ASSIGNMENT => Please restate the records below verbatim, omitting every image they hold.

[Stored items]
-.-.-

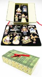 Wooden 12 piece ornament set with gift box. Each ornament measures a different size with the cane being the tallest at 7.25"H. They are all .5"D.
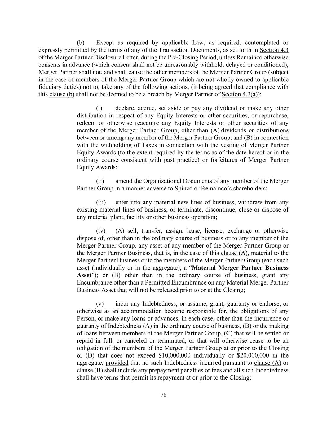 76 (b) Except as required by applicable Law, as required, contemplated or expressly permitted by the terms of any of the Transaction Documents, as set forth in Section 4.3 of the Merger Partner Disclosure Letter, during the Pre-Closing Period, unless Remainco otherwise consents in advance (which consent shall not be unreasonably withheld, delayed or conditioned), Merger Partner shall not, and shall cause the other members of the Merger Partner Group (subject in the case of members of the Merger Partner Group which are not wholly owned to applicable fiduciary duties) not to, take any of the following actions, (it being agreed that compliance with this clause (b) shall not be deemed to be a breach by Merger Partner of Section 4.3(a)): (i) declare, accrue, set aside or pay any dividend or make any other distribution in respect of any Equity Interests or other securities, or repurchase, redeem or otherwise reacquire any Equity Interests or other securities of any member of the Merger Partner Group, other than (A) dividends or distributions between or among any member of the Merger Partner Group; and (B) in connection with the withholding of Taxes in connection with the vesting of Merger Partner Equity Awards (to the extent required by the terms as of the date hereof or in the ordinary course consistent with past practice) or forfeitures of Merger Partner Equity Awards; (ii) amend the Organizational Documents of any member of the Merger Partner Group in a manner adverse to Spinco or Remainco’s shareholders; (iii) enter into any material new lines of business, withdraw from any existing material lines of business, or terminate, discontinue, close or dispose of any material plant, facility or other business operation; (iv) (A) sell, transfer, assign, lease, license, exchange or otherwise dispose of, other than in the ordinary course of business or to any member of the Merger Partner Group, any asset of any member of the Merger Partner Group or the Merger Partner Business, that is, in the case of this clause (A), material to the Merger Partner Business or to the members of the Merger Partner Group (each such asset (individually or in the aggregate), a “Material Merger Partner Business Asset”); or (B) other than in the ordinary course of business, grant any Encumbrance other than a Permitted Encumbrance on any Material Merger Partner Business Asset that will not be released prior to or at the Closing; (v) incur any Indebtedness, or assume, grant, guaranty or endorse, or otherwise as an accommodation become responsible for, the obligations of any Person, or make any loans or advances, in each case, other than the incurrence or guaranty of Indebtedness (A) in the ordinary course of business, (B) or the making of loans between members of the Merger Partner Group, (C) that will be settled or repaid in full, or canceled or terminated, or that will otherwise cease to be an obligation of the members of the Merger Partner Group at or prior to the Closing or (D) that does not exceed $10,000,000 individually or $20,000,000 in the aggregate; provided that no such Indebtedness incurred pursuant to clause (A) or clause (B) shall include any prepayment penalties or fees and all such Indebtedness shall have terms that permit its repayment at or prior to the Closing;
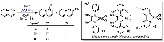 - Hickman, A.J.; Sanford, M.S. Catalyst Control of Site Selectivity in the Pd II/IV-Catalyzed Direct Arylation of Naphthalene. ACS Catal. 2011, 1, 170–174. [Google Scholar] [CrossRef]
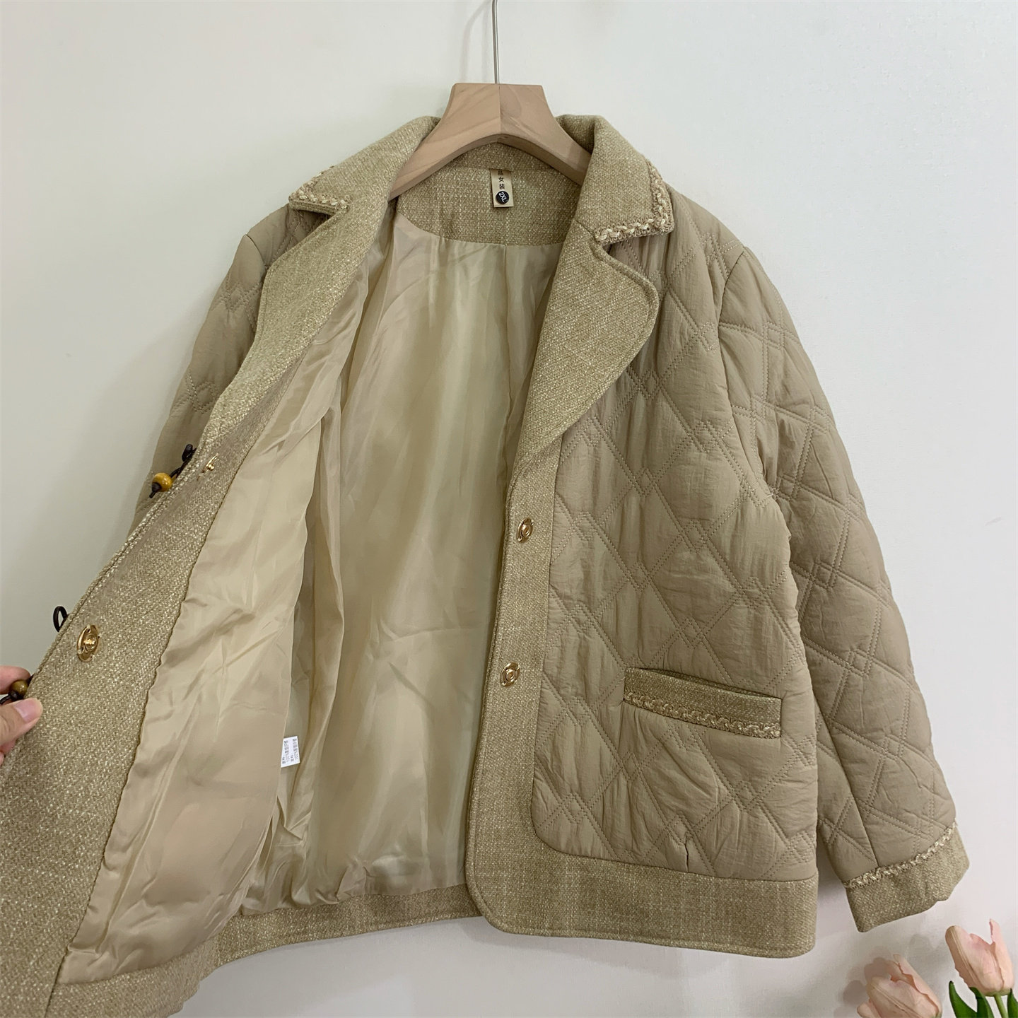 妈妈秋冬小香风外套2025新款气质翻领保暖棉衣中老年女装加厚上衣
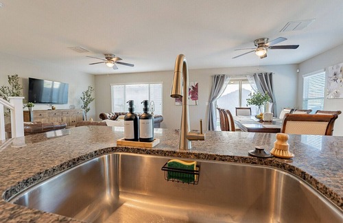 Welcome to Goodyear, AZ! Enjoy your stay in this home away from home - a 3 bedroom, 2 1/2 bath sanctuary equipped with all the comforts and modern amenities of your own home. Enjoy the convenience of parking in the garage and sprawl out on a choice of a twin & full bunk bed, queen size bed, and king size bed. Additionally, a fully stocked kitchen awaits you as well as an office desk and printer for all of your work needs. Spend your days here relaxed and at home.

-.-.-

ANSWER TO THE PROBLEM =>
 Wooden 12 piece ornament set with gift box. Each ornament measures a different size with the cane being the tallest at 7.25"H. They are all .5"D.
 76 (b) Except as required by applicable Law, as required, contemplated or expressly permitted by the terms of any of the Transaction Documents, as set forth in Section 4.3 of the Merger Partner Disclosure Letter, during the Pre-Closing Period, unless Remainco otherwise consents in advance (which consent shall not be unreasonably withheld, delayed or conditioned), Merger Partner shall not, and shall cause the other members of the Merger Partner Group (subject in the case of members of the Merger Partner Group which are not wholly owned to applicable fiduciary duties) not to, take any of the following actions, (it being agreed that compliance with this clause (b) shall not be deemed to be a breach by Merger Partner of Section 4.3(a)): (i) declare, accrue, set aside or pay any dividend or make any other distribution in respect of any Equity Interests or other securities, or repurchase, redeem or otherwise reacquire any Equity Interests or other securities of any member of the Merger Partner Group, other than (A) dividends or distributions between or among any member of the Merger Partner Group; and (B) in connection with the withholding of Taxes in connection with the vesting of Merger Partner Equity Awards (to the extent required by the terms as of the date hereof or in the ordinary course consistent with past practice) or forfeitures of Merger Partner Equity Awards; (ii) amend the Organizational Documents of any member of the Merger Partner Group in a manner adverse to Spinco or Remainco’s shareholders; (iii) enter into any material new lines of business, withdraw from any existing material lines of business, or terminate, discontinue, close or dispose of any material plant, facility or other business operation; (iv) (A) sell, transfer, assign, lease, license, exchange or otherwise dispose of, other than in the ordinary course of business or to any member of the Merger Partner Group, any asset of any member of the Merger Partner Group or the Merger Partner Business, that is, in the case of this clause (A), material to the Merger Partner Business or to the members of the Merger Partner Group (each such asset (individually or in the aggregate), a “Material Merger Partner Business Asset”); or (B) other than in the ordinary course of business, grant any Encumbrance other than a Permitted Encumbrance on any Material Merger Partner Business Asset that will not be released prior to or at the Closing; (v) incur any Indebtedness, or assume, grant, guaranty or endorse, or otherwise as an accommodation become responsible for, the obligations of any Person, or make any loans or advances, in each case, other than the incurrence or guaranty of Indebtedness (A) in the ordinary course of business, (B) or the making of loans between members of the Merger Partner Group, (C) that will be settled or repaid in full, or canceled or terminated, or that will otherwise cease to be an obligation of the members of the Merger Partner Group at or prior to the Closing or (D) that does not exceed $10,000,000 individually or $20,000,000 in the aggregate; provided that no such Indebtedness incurred pursuant to clause (A) or clause (B) shall include any prepayment penalties or fees and all such Indebtedness shall have terms that permit its repayment at or prior to the Closing;
 - Hickman, A.J.; Sanford, M.S. Catalyst Control of Site Selectivity in the Pd II/IV-Catalyzed Direct Arylation of Naphthalene. ACS Catal. 2011, 1, 170–174. [Google Scholar] [CrossRef]
 妈妈秋冬小香风外套2025新款气质翻领保暖棉衣中老年女装加厚上衣
 Welcome to Goodyear, AZ! Enjoy your stay in this home away from home - a 3 bedroom, 2 1/2 bath sanctuary equipped with all the comforts and modern amenities of your own home. Enjoy the convenience of parking in the garage and sprawl out on a choice of a twin & full bunk bed, queen size bed, and king size bed. Additionally, a fully stocked kitchen awaits you as well as an office desk and printer for all of your work needs. Spend your days here relaxed and at home.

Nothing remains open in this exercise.